This quote is often attributed to Charles Bukowski, but there’s no record of him ever saying or writing it; Kinky Friedman seems to be the actual source. I am now suspicious of every popular quote these days after being burned enough times.

Actually, I like this quote a lot better with “like” rather than “love”—find what you like and let it kill you. It rings more true; how many of us really do what we like, much less what we love?

I didn’t start as a cocktail dork. I got into the food-and-drink industry for all the wrong reasons—fast money, booze, parties, sex, drugs and rock ’n’ roll … the same reasons all of the best bands were started. As a bartender, I was a “volume guy” for a long time: Think a holding-four-bottles-at-once, pouring-a-Long-Island-iced-tea type. However, I always wanted to make better drinks, but this was the early ’00s, and the “cocktail revolution” was in its nascent days.
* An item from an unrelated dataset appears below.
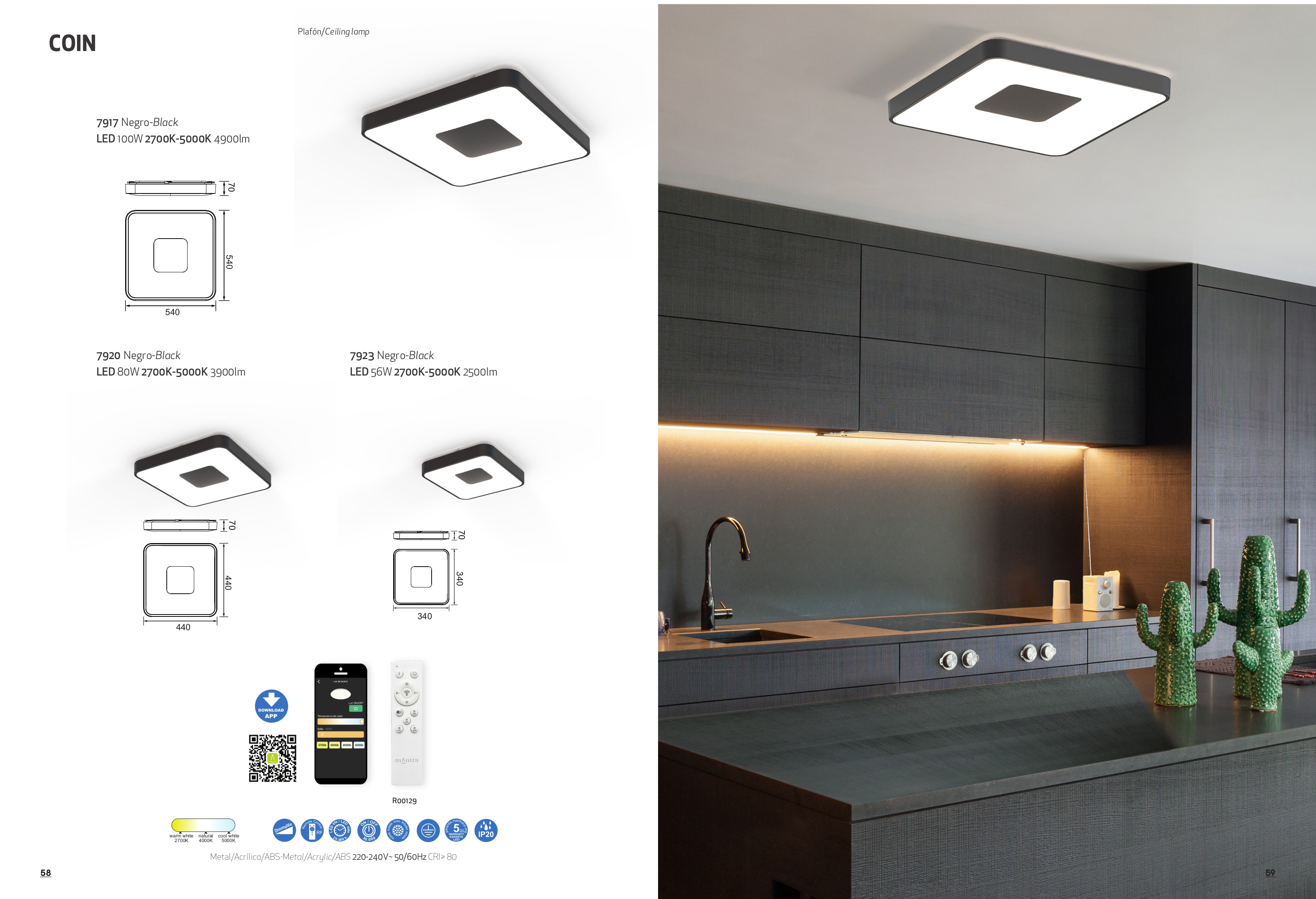 Лед плафон 7920 Black 80W 2700K-5000K 3900lm COIN CUADRADO ще осигури комфорт и естетика във всяко помещение, в което се постави. Цялостната визия и дизайн на led лампата и вложените в изработката й материали, като метал (ABS) в черен цвят, полимер в бяло, промяна на спектъра на светлината с дистанционно или приложение за смартфон, ще допринесат за един неповторим стил. Благодарение на дългогодишния опит в производството на лед осветление, качествените материали и строгия контрол на качеството на изработка на производителя Mantra (Испания), 7920 Black 80W 2700K-5000K 3900lm COIN CUADRADO е на високо европейско ниво.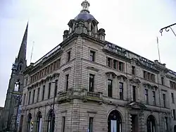 The council meets and has its main offices at 2 High Street in Perth, on the corner with Tay Street, which had been built in 1901 as the headquarters of General Accident. The main public enquiries reception is at the nearby Pullar House at 36 Mill Street, which was formerly the business premises of J. Pullar and Sons. The council also uses the former Municipal Buildings on High Street, completed in 1881 for the old burgh council of Perth. It also has area offices in Auchterarder, Blairgowrie, Crieff and Pitlochry.[10]

We didn’t know any better.

Flash forward a few years to an unremarkable bar in Boston where a guy made me my first proper Sazerac. It was a revelation. That was more than 10 years ago, and today, I have no idea if it was even that great. Nevertheless, I dragged every one of my friends there for one. That bar’s not there anymore.

Six months later, I left my job in the city to do a craft-cocktail program with the help of a couple of books. It was a failure—so I went back to the volume racket. I never lost the drive to make a better drink, though, and I haunted the local craft bars.

I paid well for my education. I asked questions like a curious toddler. Young, arrogant guys with twisty mustaches and badass ladies with sleeves of tattoos—those were the stereotypes, and they weren’t unfair. These bartenders started making drinks because they actually cared about what your drink tasted like. This was, to me, like a used-car salesman who actually wanted to get you the right car at the right price—he’s either a unicorn or a liar. Also, these bartenders didn’t seem as strung out, and as jaded, as those in the bar scene I was a part of at the time. Eventually, I jumped ship to give craft cocktails another shot and was soon neck-deep in egg whites.

The change may have saved my life. The tourism and nightclub grinds are not healthy: Working a busy season, making money hand over fist and having nothing to show for it. Feasting in the summer and fasting in the winter (kind of the opposite of here). Forgetting I liked the beach because I hadn’t been to it in years, my skin pale from nocturnal living. Jostling a co-worker because we have another double-shift in four hours, and he needs to call it a night. Having a friend slap me lovingly in the face for the same reason. There were many nights when there was no one to do that, and I found myself pulling a shot of vodka out of a bottle from the freezer before I headed to the train so I didn’t run out of steam. I remember one particularly tough stretch; I still have friendships that haven’t totally mended over the consequences.

This is not a mea culpa, although maybe it should be; I want to emphasize how normal it all seemed at the time. When you see your co-worker arrive as bleary-eyed as you, Gatorade in hand, a cigarette hanging off his chapped lips, you feel better about yourself. God forbid he’s chipper. There was always another co-worker we would talk about who was “needing to slow it down” as we found the nearby bar that was open for 10 a.m. screwdrivers. We had a 14-hour shift to get right, after all.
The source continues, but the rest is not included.